The second floor element 25 can for example be a concrete slab, a hollow-core slab, a filigran type slab, a steel decking, or a wood slab.

In the arrangement, the length of the first protective element 14 is preferably, but not necessarily, selected so that the first protective element 14 does not extend in the lateral direction into the first floor element 2. In the arrangement, the length of the first protective element 14 can also be selected so that the first protective element 14 extend in the lateral direction into the first floor element 2

The first protective elements 14 can be made of at least one of elastically deformable material such as of polymer, plastic, rubber of a combination thereof, and biodegradable material such as of wood.

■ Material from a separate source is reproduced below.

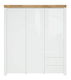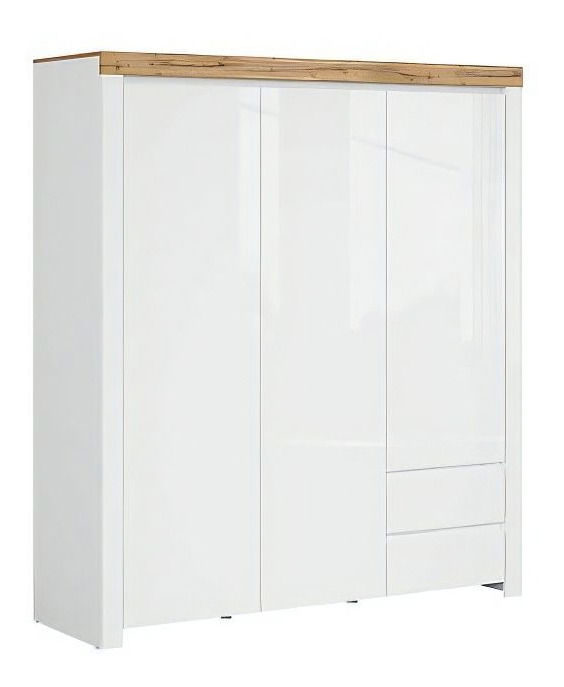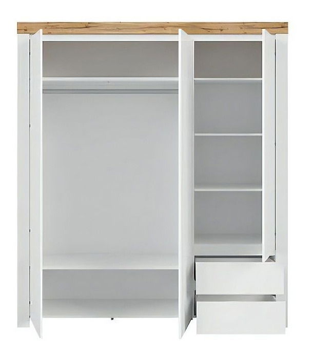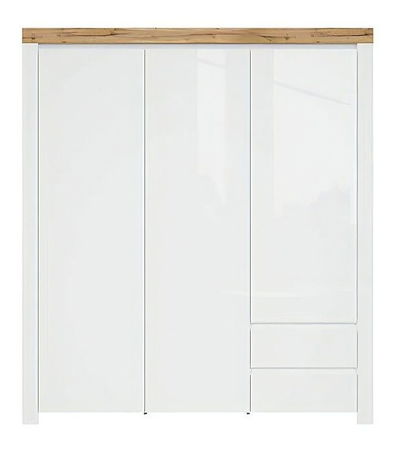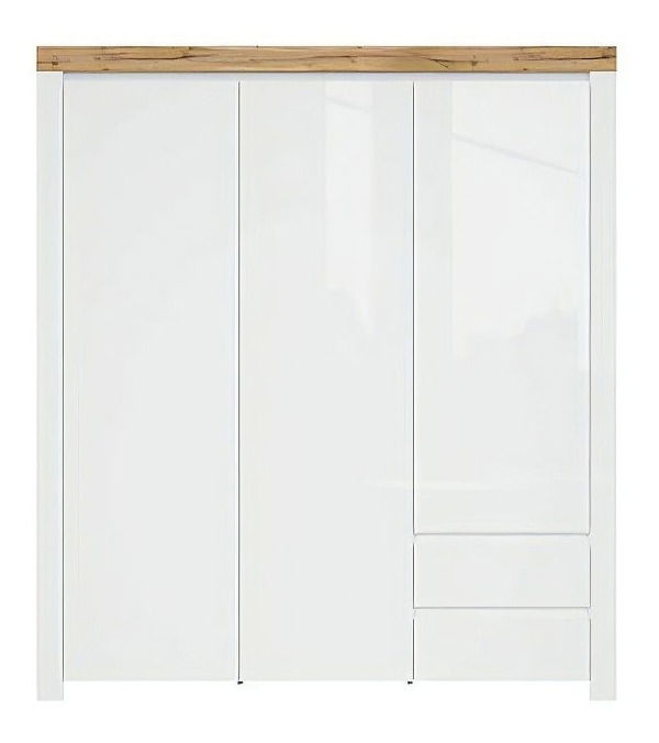 Velká šatní skříň je rozdělena na dvě části. Dvoudveřová část disponuje jednou vrchní, jednou spodní policí a jednou závěsnou tyčí. V jednodveřové části se nacházejí tři police a dole jsou dvě zásuvky s tichým uzavírajícím systémem. Tato skříň je jedinečná svými geometrickými tvary a přitažlivým barevným provedením. Bílý lest spolu s přírodním dekorem dubu Wotan dělají tuto skříň elegantní, moderní a nádherně prosvětlující Váš interiér. Materiál: Nábytková deska. Nábytek disponuje bezúchytové otevíráním dvířek a a systémem s tichým zavíráním dvířek.

The first protective element 14 can have an outer covering 37 that is made of softer or more flexible material than an inner core 38 of the protective element as illustrated in FIGS. 24 to 27 and 30 and 31 because of the outer covering 37 that is made of softer or more flexible material, the first protective element 14 can easily be detached from the first free end 13 of the elongated transverse fitting 10 when the beam 3 is separated from the first floor element 2 even in a situation where fill material 17 remains attached to the beam 3. In FIGS. 24 and 25 the first protective element 14 is additionally provided with a hexagonal end 39 for a hexagonal tool (not illustrated) to facilitate screwing of the first protective element 14 off the first threaded coupler 15 of the elongated transverse fitting 10. The first protective element 14 can also be provided with cavities 40 as illustrated in FIGS. 32 to 35 to make it easier to separate the first protective element 14 from the first free end 13 of the elongated transverse fitting 10 when the beam 3 is separated from the first floor element 2 even in a situation where fill material 17 remains attached to the beam 3. Such cavities 40 improves deformability of the first threaded coupler 15. The possible second protective elements 28 can have the same configurations as the first protective elements 14 and as presented above.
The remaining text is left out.